Solar thermal with storage is still expensive. On a per-MWh basis, even solar PV beats it. But it has the great advantage of being zero-carbon power that is not intermittent, unlike wind and solar PV. Storage allows it to a) serve as “firm” power, displacing rather than supplementing fossil fuel plants, b) act as “spinning reserve,” backing up intermittent plants, and c) shift electricity generation to times of highest demand, thus displacing the most expensive fossil-fuel power. Those extra services are not always compensated, or compensated in a rational way, in current power markets. In this case, as usual, California will blaze a trail and learn lessons that will go on to benefit the rest of the country.

In the short-term, the two contracts CPUC approved yesterday will, according to BrightSource, yield more than 2,000 construction jobs, more than 1.3 million MWh a year, 400,000 tons of avoided CO2 emissions annually, and billions of dollars infused into the California economy.

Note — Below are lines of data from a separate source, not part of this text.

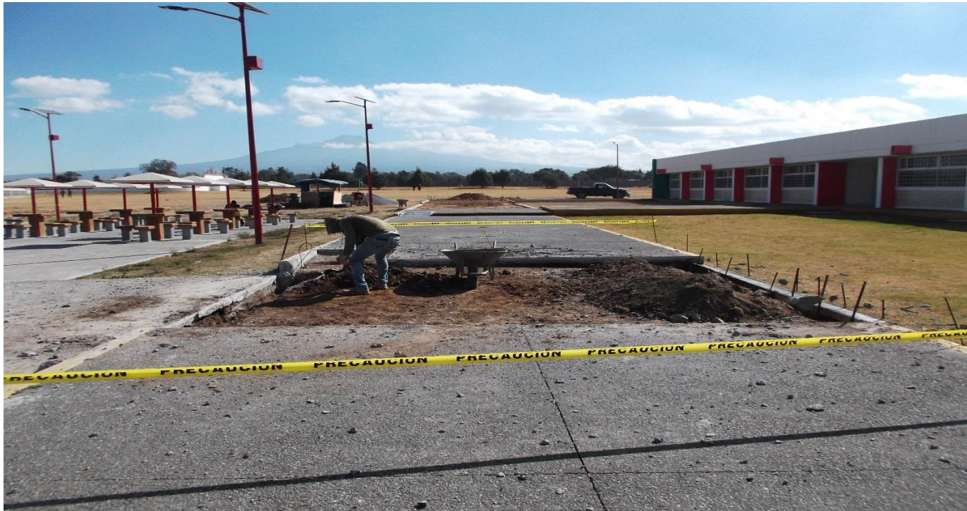
OBRA EXTERIOR: DEMOLICIÓN DE PISO DE CONCRETO PARA LA MODIFICACIÓN DEL ANDADOR EXISTENTE QUE CONECTA A LA EXPLANADA DEL EDIFICIO UD-5.
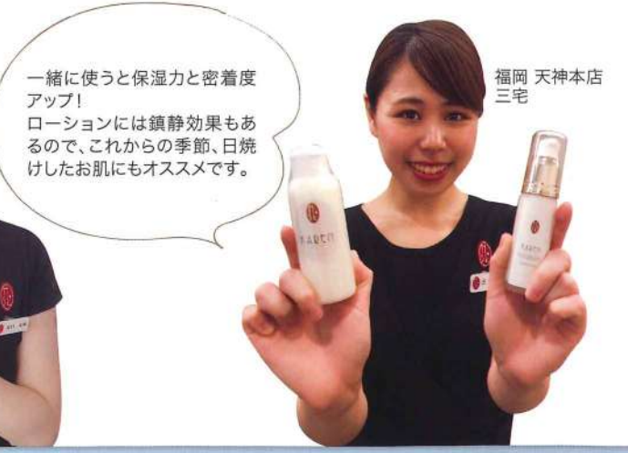
福岡 天神本店 三宅

一緒に使うと保湿力と密着度アップ! ローションには鎮静効果もあるので、これからの季節、日焼けしたお肌にもオススメです。
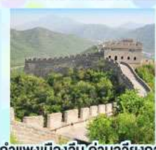
กำแพงเมืองจีน ด้านจวิ๊ยกวอน
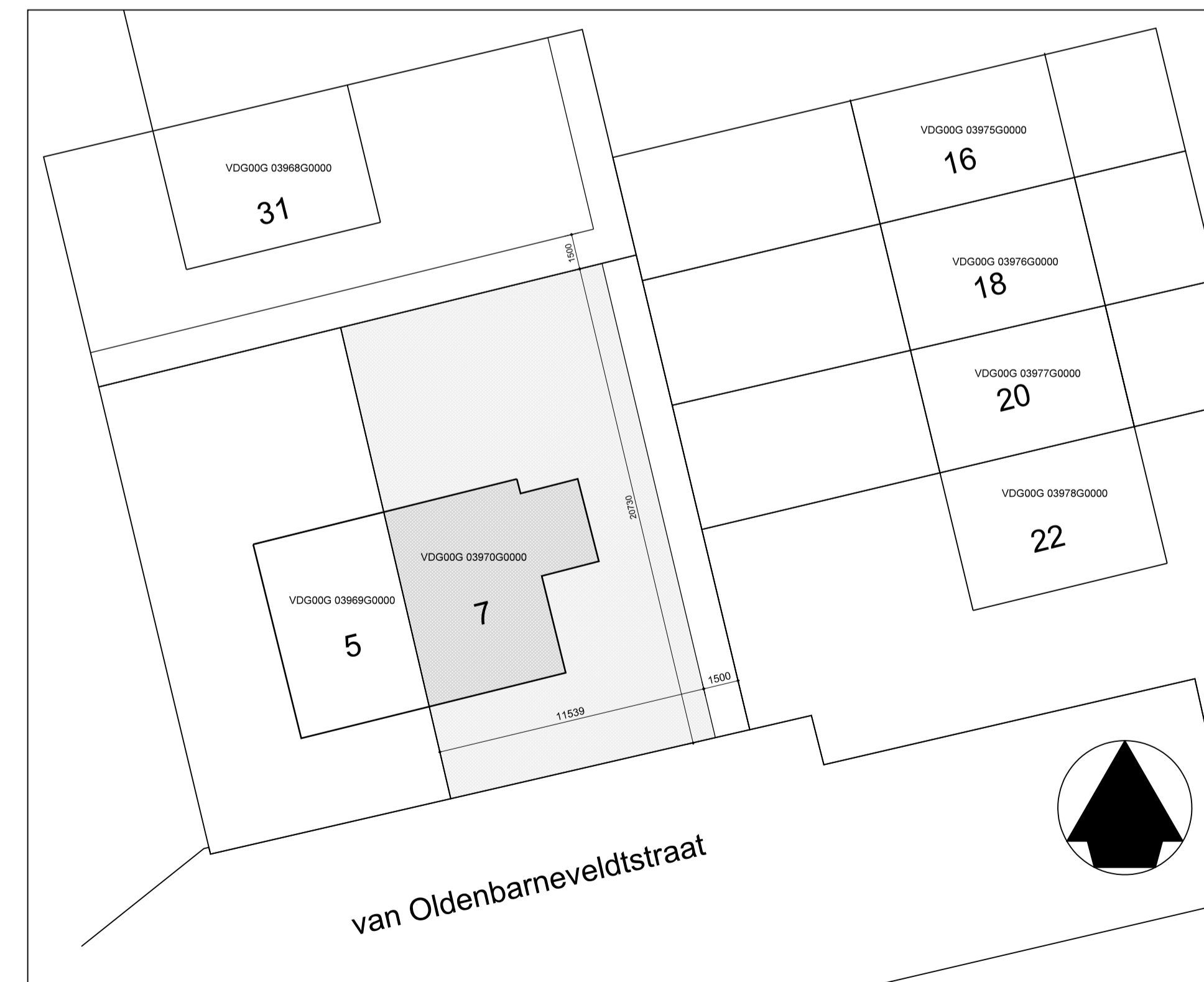
situatie schaal 1:200 Vlaardingen G 3970
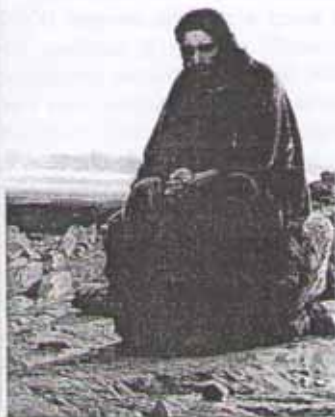
И. Крамкой. Христос в пустыне. Фрагмент картины

Подвиг — это движение в сторону от эгоизма, то есть от привычки считать себя центром не только своей жизни, но и жизни других людей. Эгоист считает, что другие
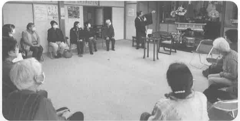
【蓮正寺サロンの様子】 住職さんのご厚意により場所をお借りして開催しています

まずは、蓮正寺サロンやイベントの開催などをきっかけとして「顔の見える関係づくり」から取り組む「上日出谷ささえ愛隊」に、ご理解とご協力をお願いします。
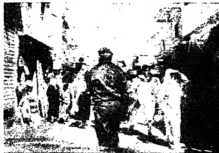
حركة عينية في عين الحلوة
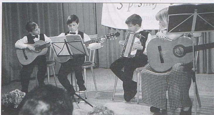
Mladi učenci Glasbene šole so prav tako zaigrali na svoje instrumente.
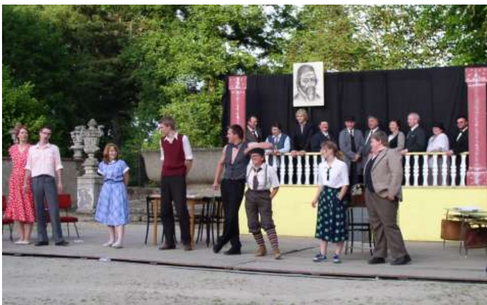
Děkujeme, příště přijdeme zase
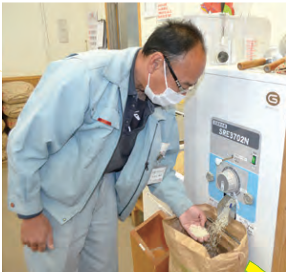
▲精米の状態を確かめます
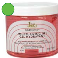
Gel con aceite de ricino negro 455g
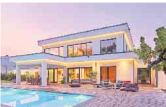
„Die Bauhausarchitektur ist Ausdruck von Individualität und Stilsicherheit.“

Fertighäuser zeigen Merkmale der Bauhausarchitektur
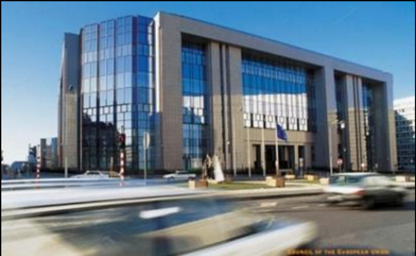
Vijeće Europske unije u Bruxellesu
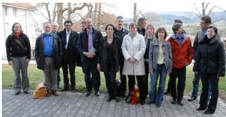
Les participants à la communauté du savoir-faire «Coordination NPR-Politiques sectorielles – économie rurale, tourisme et espace vital» le 19 mars 2009 à Courtemelon (JU).

Spécialités régionales du Jura, photo K. Conradin.
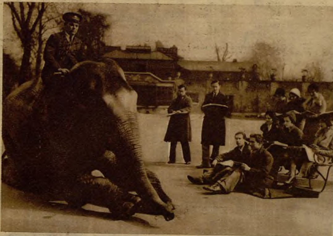
Este paciente elefante del parque zoológico de Londres se presta de buen grado a que los alumnos de escultura tomen apuntes de su voluminosa figura
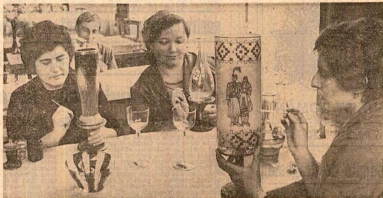
Fabrica de sticlă „Victoria muncii”, din Poiana Codrului, județul Satu Mare. Aspect din secția pictură.
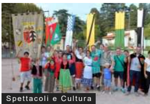
Spettacoli e Cultura

Masnago in Festa tra Palio, sport e gastronomia
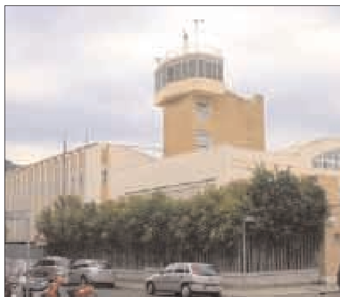
L'Istituto Nautico di Gaeta

potenzialità che, altrimenti, resterebbero inespresse. Gli organizzatori del convegno, che si svolgerà nell'ambito della "Settimana sociale" promossa dall'azione Cattolica Nazionale
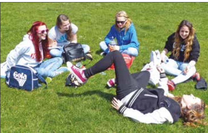
Rast im GreenPark in London
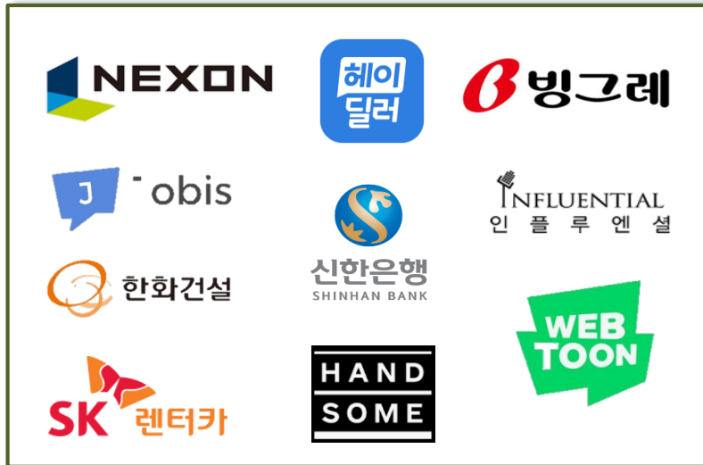
< 신규 광고주 : 본사 >
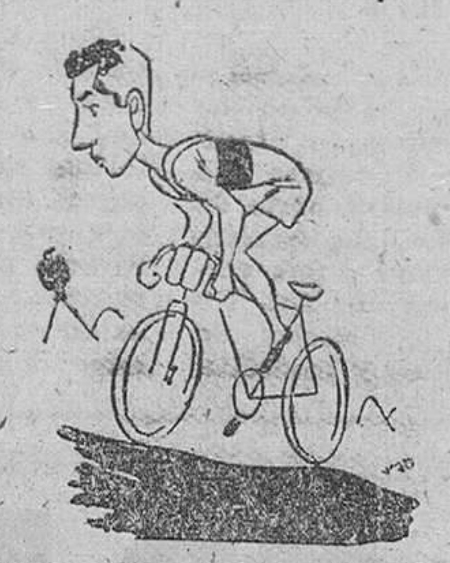
BAHAMONTES, vencedor de la cuarta etapa del "Giro"
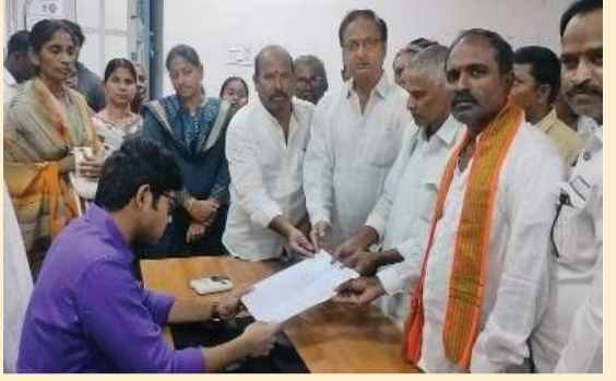
(షణ్ముఖ వెలుగు, మార్కాపురం ఇన్ఫార్మ్, డిసెంబర్ 4)

In the long-term, the fastest way to drive down the cost of solar thermal power is to commercialize and deploy it. A DOE loan guarantee helped BrightSource begin scaling up in earnest. It now has 9 GW worth of solar power plants either planned or built in the U.S. Southwest. More importantly, it has a serious foothold in a market that is destined to grow exponentially larger.

Yes, there are better clean-energy policies than DOE loans to individual companies. A national Renewable Energy Standard, say. Or feed-in tariffs. Or a quadrupled federal energy R&D budget. Or a stiff carbon tax. Or all of the above! But the clean-energy programs that Obama was able to put in place are working. An industry is emerging, in fits and starts, despite the embarrassing spectacle of Republicans rooting against it.